The attending decides to admit, but Duke has no psych unit. They tell me it will be days before a bed can be found in the state. I expected this. I push the now sleeping Elizabeth over on her gurney and crawl on with her. Later I feel our sitter cover both of us with a blanket and slide a pillow under my head.

In the morning, I give thanks for the hospital wireless while Elizabeth watches TV. The TV gets stuck on the golf channel. Finally they call the TV remote technician (who knew there was such a position?) and she comes and switches us to Disney. Later, miraculously, we're told that a bed has been found, in Central Regional Hospital, a 452 bed hospital for those with mental illness. It's a state facility. They have 32 child and adolescent beds and Elizabeth gets one of them. She is stoic as we wait for the sheriff's deputy to come and take her to Butner. The deputy is terse and won't look at me. I follow in my car. We've only been in the ER for 24 hours, which must be a record.

When we arrive, I ask to see Elizabeth, but I'm told that they are doing intake and I can't see her yet. I sit in the lobby and cry. It's the change of shift and people walk by me, people who are nurses and social workers and doctors, and they pretend not to see me. It's time to go home. I wish I had a friend who would call and say "I'm on my way!" but no one does and I can think of no one to call. I ask again to see her. Not yet. After three hours, I ask the receptionist to call. She does and is told that I can't see Elizabeth, that they aren't convinced I'm her legal guardian.

I'm tired and hungry and scared and lonely. That's my excuse. I can't believe what I'm hearing and I proceed to pitch a fit. The receptionist tries to calm me as I yell in the phone, saying things like you have no legal right, and I want to talk to a supervisor, and this feels like One Flew Over the Cuckoo's Nest to people too young to even know what I'm referring to.
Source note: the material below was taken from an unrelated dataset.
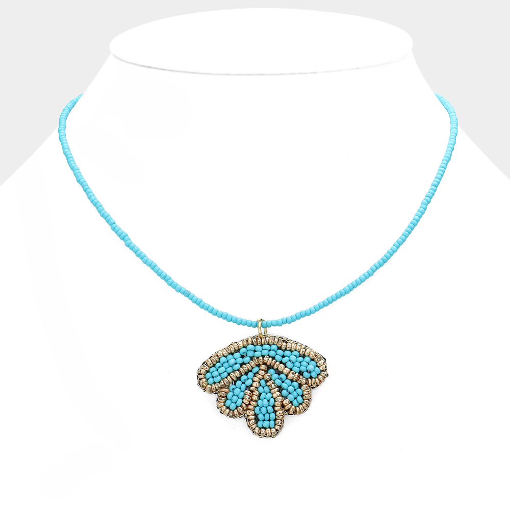 Felt Back Seed Beaded Shell Pendant Necklace Felt Back Seed Beaded Shell Pendant Necklace Felt Back Seed Beaded Shell Pendant Necklace

Finally they ask Elizabeth why she is in foster care and she tells them that she had broken my head. No, I had never abused her. I realize that the horrible treatment I'd received all day—the police, the resident, the deputy, here—all was because they thought I was an abusive mother who had no right to see the child she'd hurt. All these people who are part of the mental health system don't know the difference in a level II home and a DSS foster home. They think she has been taken away from me because I was a bad parent. They still aren't convinced.
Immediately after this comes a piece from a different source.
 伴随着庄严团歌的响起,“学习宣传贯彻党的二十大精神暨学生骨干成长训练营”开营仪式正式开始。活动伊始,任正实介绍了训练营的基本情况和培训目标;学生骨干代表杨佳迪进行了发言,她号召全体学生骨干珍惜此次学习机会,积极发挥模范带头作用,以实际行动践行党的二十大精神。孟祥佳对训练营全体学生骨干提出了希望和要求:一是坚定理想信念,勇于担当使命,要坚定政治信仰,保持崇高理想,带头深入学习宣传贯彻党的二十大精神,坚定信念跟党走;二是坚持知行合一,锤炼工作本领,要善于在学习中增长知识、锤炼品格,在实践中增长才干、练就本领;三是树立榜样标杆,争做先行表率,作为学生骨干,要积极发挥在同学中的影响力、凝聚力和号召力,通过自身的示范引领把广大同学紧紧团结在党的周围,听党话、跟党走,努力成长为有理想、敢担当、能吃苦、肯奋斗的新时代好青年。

But they do let me see her for a few minutes. She touches my name tag with her finger. F-0 she traces. That's her unit name. The 0 looks like a teardrop she says. That's because we're sad, I say. But the F stands for fine, and that's what we'll both be. She nods. I'll be back tomorrow, I say. She nods again.

She's been there a month now. We're lucky; at UNC she would be out in ten days. Here they can keep her longer. Her social worker has a caseload of four; her psychiatrist has a caseload of six. I can't ask for more. They feel she is over medicated and pull her off most of her meds. They feel her diagnoses are not accurate and are intrigued enough to want to find a new one. They are kind enough, but it's a cold place, with lots of locks and rules. I can't even see her room. But at least they no longer think I'm a bad parent.

And so I drive the 54 mile round trip to Butner on a daily basis. I now do all my banking in Butner, and since the dryer died, I dry my laundry here as well. I eat most of my meals in the car. I've become preoccupied with finding my way around the little town and I drive back roads while the laundry is in the dryer. I find the even smaller town of Stem and good barbecue and wonderful pie.

If I can't know where we're going, I have to know where we are. And I don't know where we're going and I'm not in a huge hurry to find out although there is a lot of pressure to do so. Events seem out of my hands and I watch with mild interest as people make decisions that they pretend I have a say in.

See, it's not a good story, just a list of unpleasant events. There is no ending, happy or otherwise. There is not even a take-home point. Maybe later.